Они ели. Он повернулся лицом к большому окну, из которого, как он знал, при дневном свете можно было видеть складчатые холмы и фруктовые сады, долину реки Коннектикут и гору Монаднок. Они ели в молчании. Ханси отложила вилку и сделала большой глоток вина. На дне осталось ровно столько, чтобы окрасить верхнюю часть ножки бокала. Она повернулась к Джеку.
– Знаешь, это была прекрасная служба. Он бы… – она остановила себя на полуслове.
Он не знал, что сказать.
– Чем ты занимался? – спросила она. Уголки ее век были влажными.
Он не знал, как ответить. Он мог бы сказать, что прокручивал у себя в голове каждый час этого августа, а затем разбирал их на минуты.
– Помогал папе на выпасе, – сказал он.
– С коровами? Их надо перегонять?
– Да, с гор. Хребет Нэверсаммерс.
– Ты ведь ездишь верхом, верно? Я помню. Как в ковбойской песне, так говорил Винн, – он увидел, как ее веснушчатая рука вслепую потянулась к ножке пустого бокала. Он взял бутылку и наполнил бокал до краев.
– Да, мэм, – сказал он.
Она моргнула. Он никогда не называл ее так. По крайней мере, с того раза во время их первой встречи, когда она, смеясь, бесконечно высмеивала его за это. Она начала что-то говорить, но промолчала. Джеку показалось, что ей трудно сделать полный вдох, и он отвернулся. Он опустил взгляд в стол. Винн притащил сюда этот стол на годовщину свадьбы его родителей – из настоящей вишни. Дерево, должно быть, было очень старым, поры темные и плотные. Узор древесины напоминал контуры топографической карты, и он многое бы отдал, чтобы попасть в настолько дикую страну, с таким ритмом и рельефом. Через стол мать Винна пыталась заставить себя молчать, и он поднял взгляд только тогда, когда она вытерла глаза салфеткой.

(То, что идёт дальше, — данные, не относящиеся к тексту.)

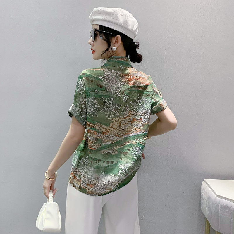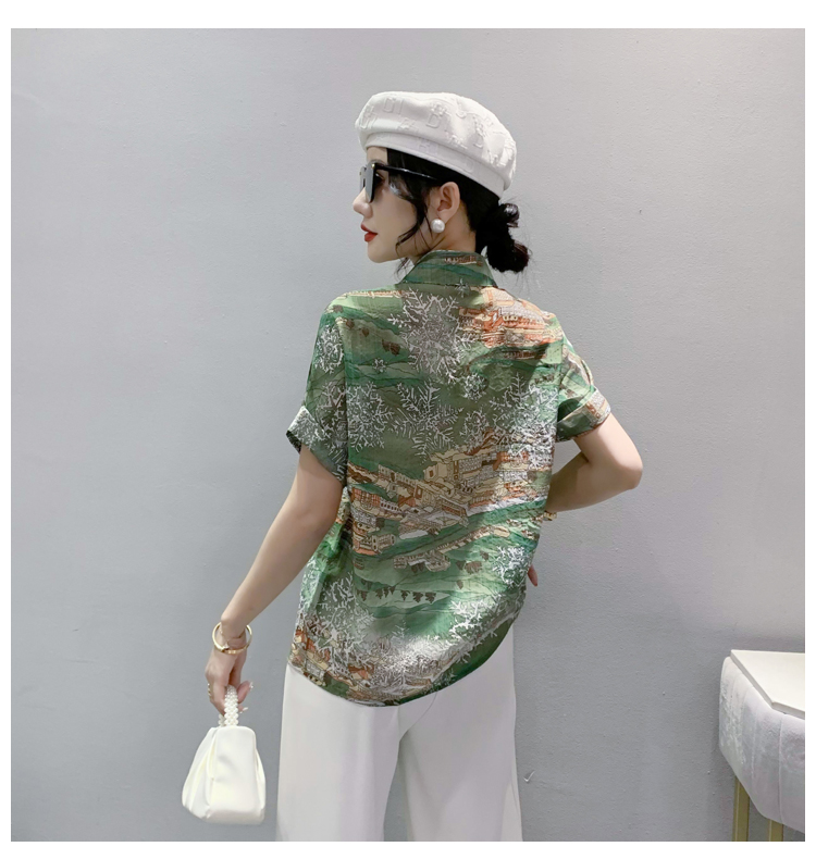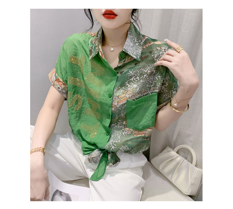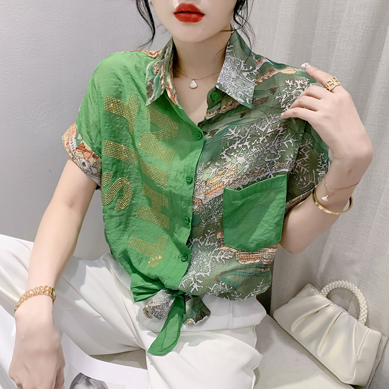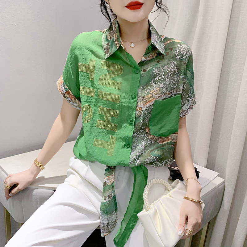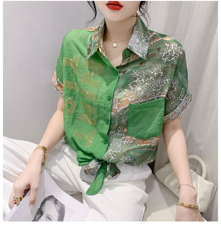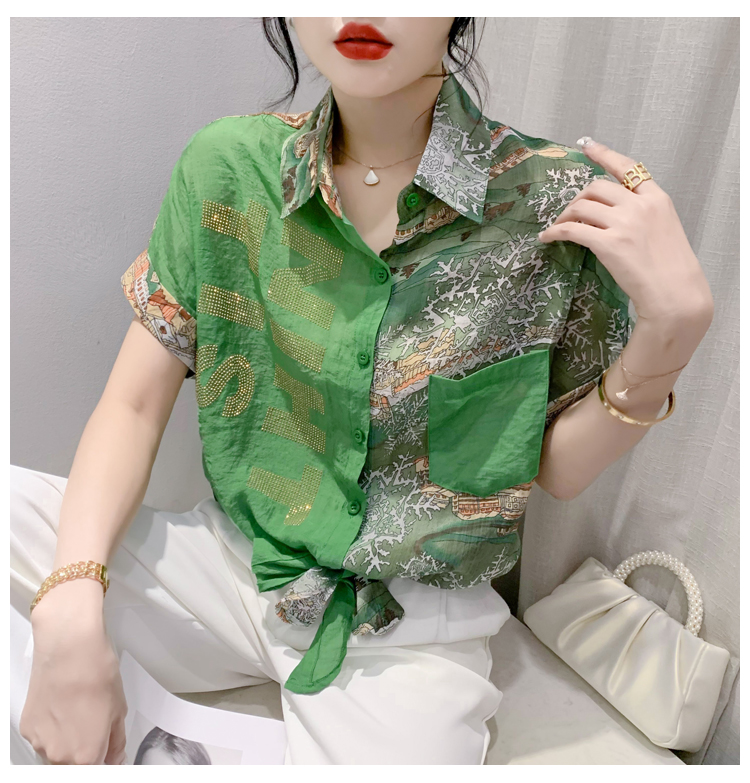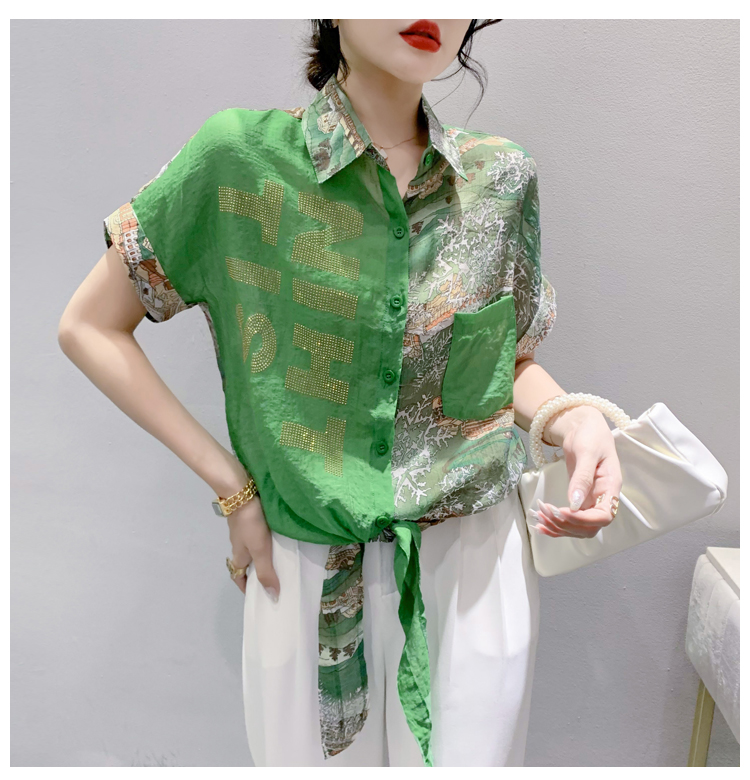 RY181# 2026夏季新款宽松印花拼色字母衬衫女装短袖时尚百搭上衣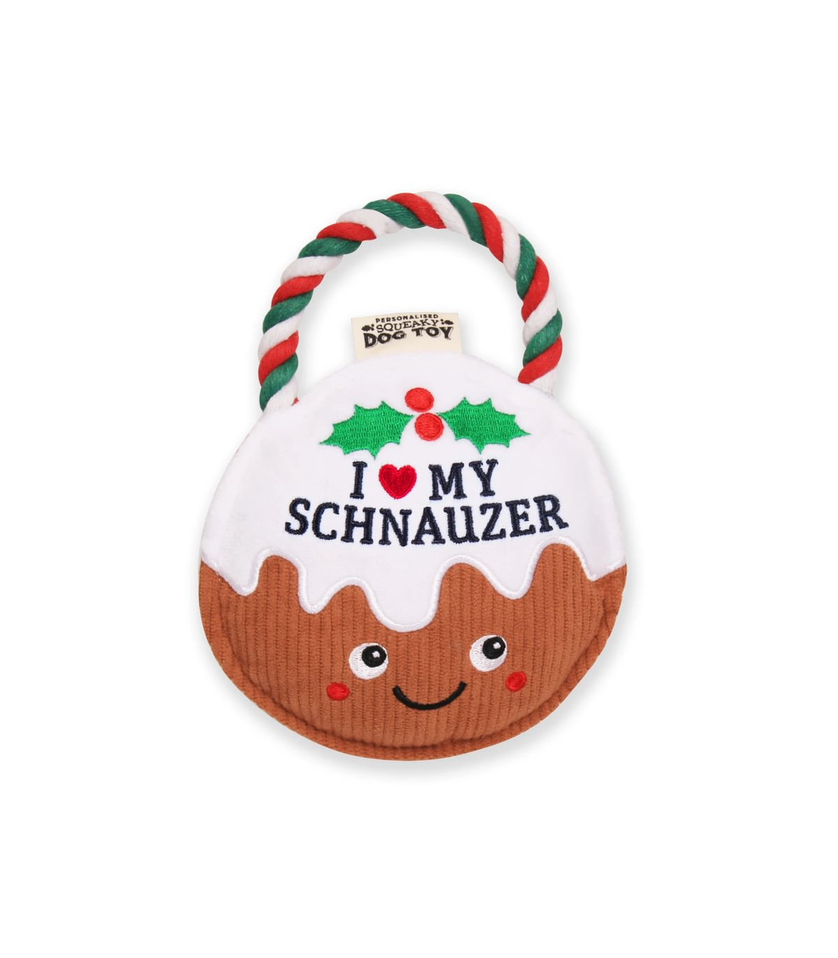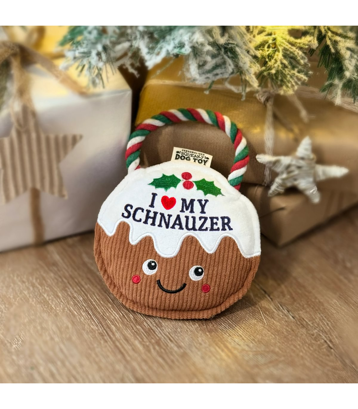 Pre-personalised Christmas Pudding Squeaky Dog Toy Gift - I love my Schnauzer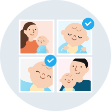 Receive monthly photobook suggestions containing photos uploaded to FamilyAlbum in the previous month, selected using AI. You can order these suggestions as is, edit them to your liking, or create your own photobooks from scratch.

– Ты проделал долгий путь, – сказала она.
Он застыл, как вкопанный. Он не дышал.
– Тебе нужно выговориться, а мне нужно это услышать. И Джесс тоже. Ей можно рассказать об этом, – сказала она.
– Рассказать?
– Джек.
Он почувствовал прилив паники. Должно быть, так чувствует себя теленок, когда ощущает первый укус веревки перед началом клеймения.
– Вы хотите, чтобы я рассказал, как мы…? Про все это?
Ханси кивнула.
– Джесс? – уточнил он.
Глаза девочки были широко раскрыты и блестели. Он увидел, что кусок мяса на ее тарелке остался несъеденным. Ее мать в рассеянности забыла разрезать его.

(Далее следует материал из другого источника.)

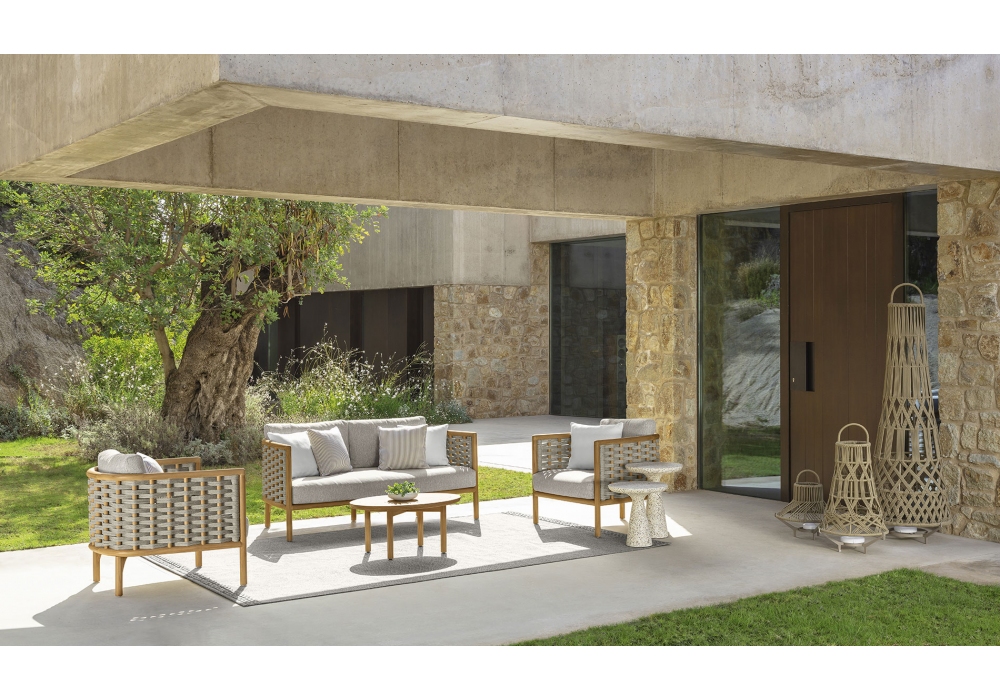 Prichi von Talenti entworfen, ist ein Sofa aus Holz, Seiten mit synthetischem Seilgeflecht, gepolsterter Sitz und Rückenlehne mit Stoffbezug.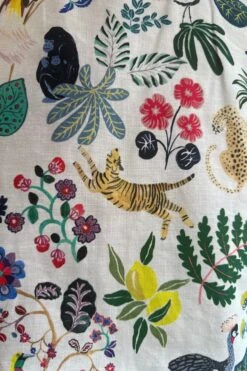 The cutest backpack with a print possums, strawberries and flowers. The back and straps are black. The is one large compartment that zips closed and one small front zip pocket. Very lightweight!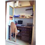 ミニ書斎 ご予算 約40万円 押入れに造った書斎です。畳一枚もないスペースですがインターネットに接続されたパソコン、電話があり機能的な空間になっています。 和室の押入れの半分を書斎にしました。机の前には電話、TVコンセントを取付け、机の上にはプリンターがのる棚を作りました。 左側の窓の向こうはリビングです。 雑誌 男の隠れ家 2003年10月号 書斎特集に紹介されています。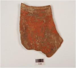 | Description / विवरण | A potsherd of red ware has incised horizontal lines on the exterior surface of coarse fabric, showing an oxidized core, and treated with red slip. |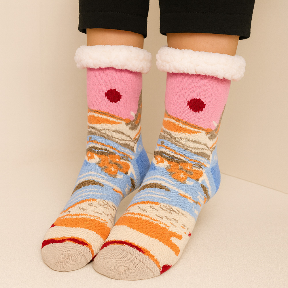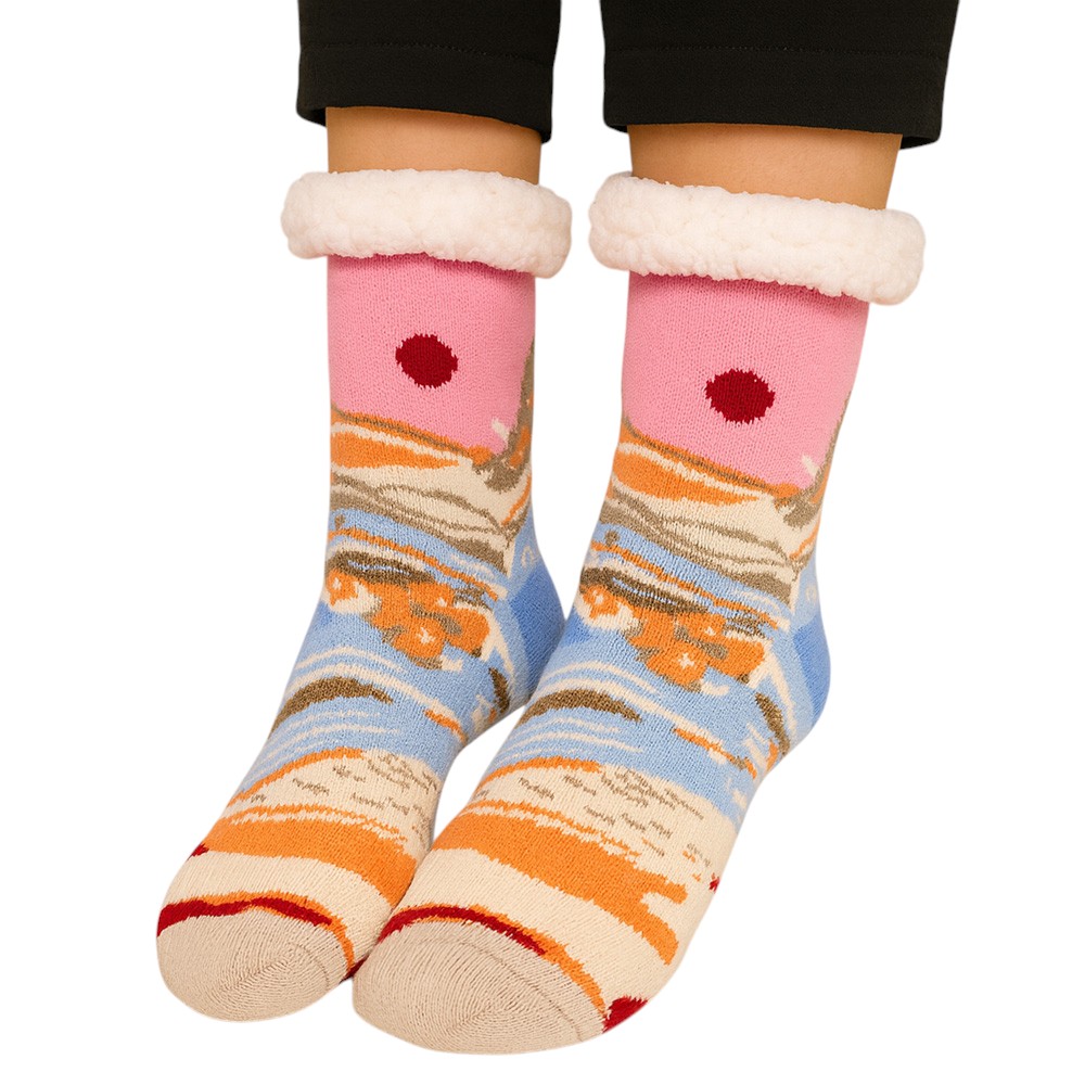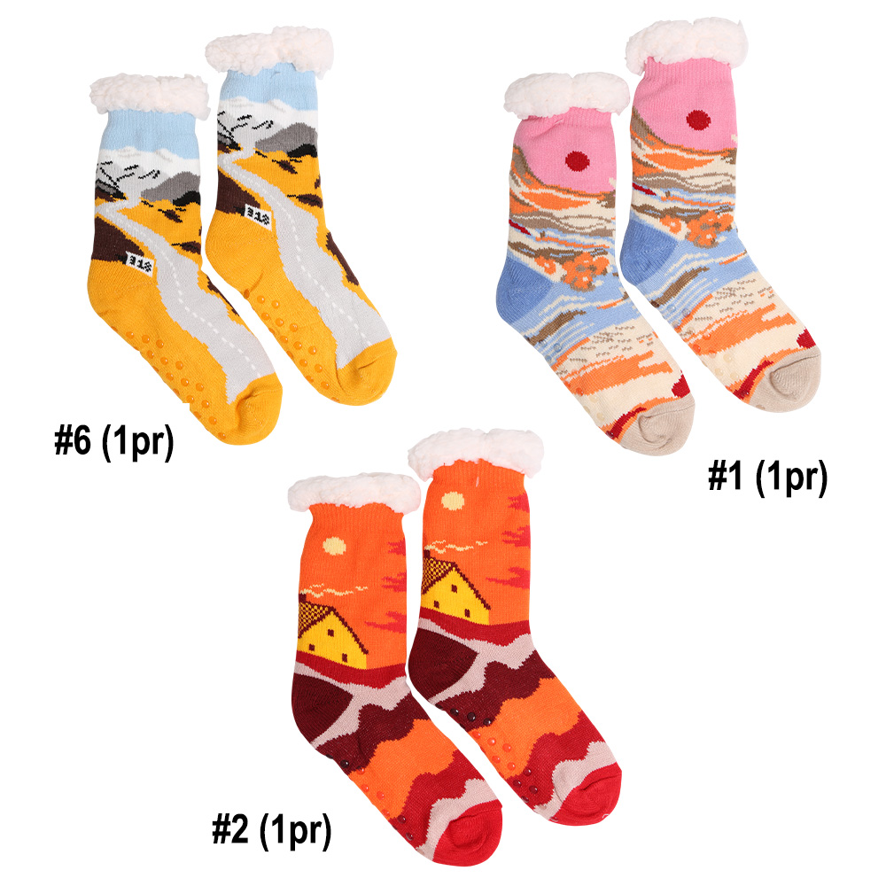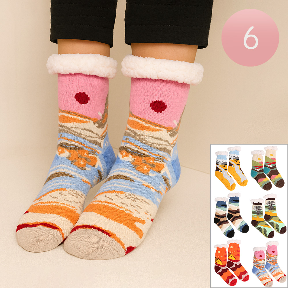 Details • Size : One Size • Material : 100% Polyester • Stay stylish and comfortable with this 6-pair pack of cozy socks featuring bold artistic patterns. Designed with soft lining for extra warmth, these socks are perfect for lounging, everyday wear, or as a fun gift. Add creativity and comfort to your wardrobe with these playful patterned socks.

– Эй, – сказал он, – Эй, Джесс, извини. Хочешь, я порежу его для тебя?
Она кивнула, не сводя с него глаз, он потянулся за ножом и вилкой и нарезал говядину на кусочки. Он услышал, как ветки дерева стучат в одно из окон. Он был у них в долгу за наполнение этой неловкой паузы.
– Что ж, – сказал он, – Я…
Он положил нож и вилку на тарелку.
– Да, конечно, – сказал он. Он вытер рот салфеткой и положил ее на стол рядом со своей тарелкой, сам не зная зачем. Как будто в конце рассказа он встанет и уйдет. Он мог бы.

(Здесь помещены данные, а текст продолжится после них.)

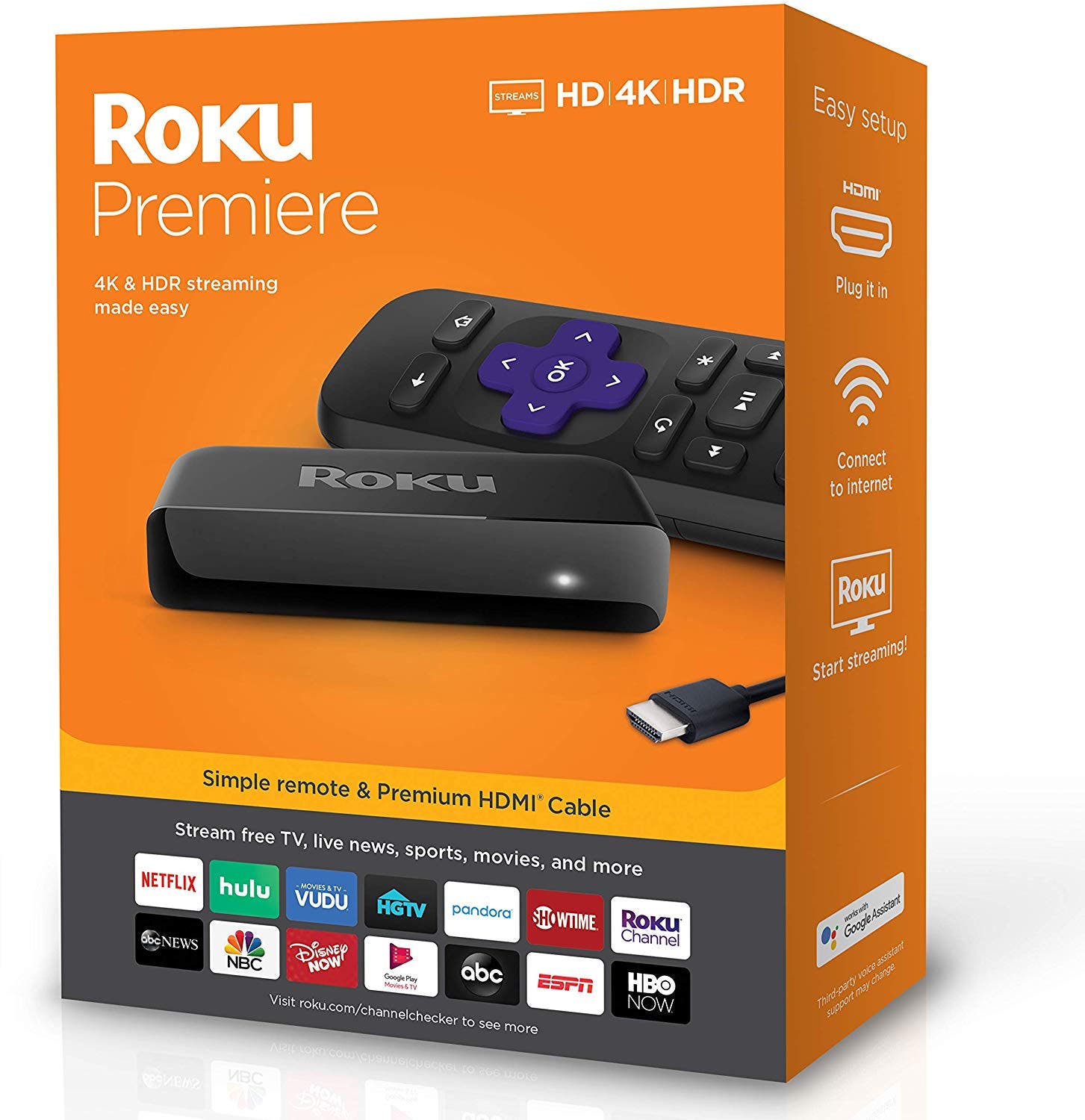Stream more than 500,000 movies and TV episodes with the Roku premiere remote and premium HDMI cable. Setup is simple: Plug it in, connect to the internet and start streaming. Use the Roku remote to search for your favorite programs and discover thousands of free and paid channels to stream live TV, popular shows, news, sports and more.

– Все началось с того, что мы почувствовали запах дыма, – начал он.
Он взглянул на Ханси. Она кивнула.
– Ладно. Итак. Мы поднялись на холм на острове и увидели пожар. Он был таким большим. Это напугало нас. А потом настало утро с жутким морозом, густым туманом и сильным ветром.
Он рассказал обо всем. О тумане, о голосах, о том, что именно Винн настоял на идее грести обратно к озеру и рассказать той парочке о пожаре. Винн всегда заботился о людях. Он рассказал о мужчине, который в одиночку выплыл из-за поворота, о том, как они искали и нашли женщину. Они обе наблюдали за его лицом. Глаза Джесс были широко раскрыты, как будто она смотрела триллер, от которого не могла оторваться, и она продолжала скручивать салфетку. Единственными звуками были стук веток и случайные порывы ветра, бьющего в окна, и свист в печной трубе. Время от времени удавалось расслышать их тихое, прерывистое дыхание. Они не хотели, чтобы он замедлялся или останавливался.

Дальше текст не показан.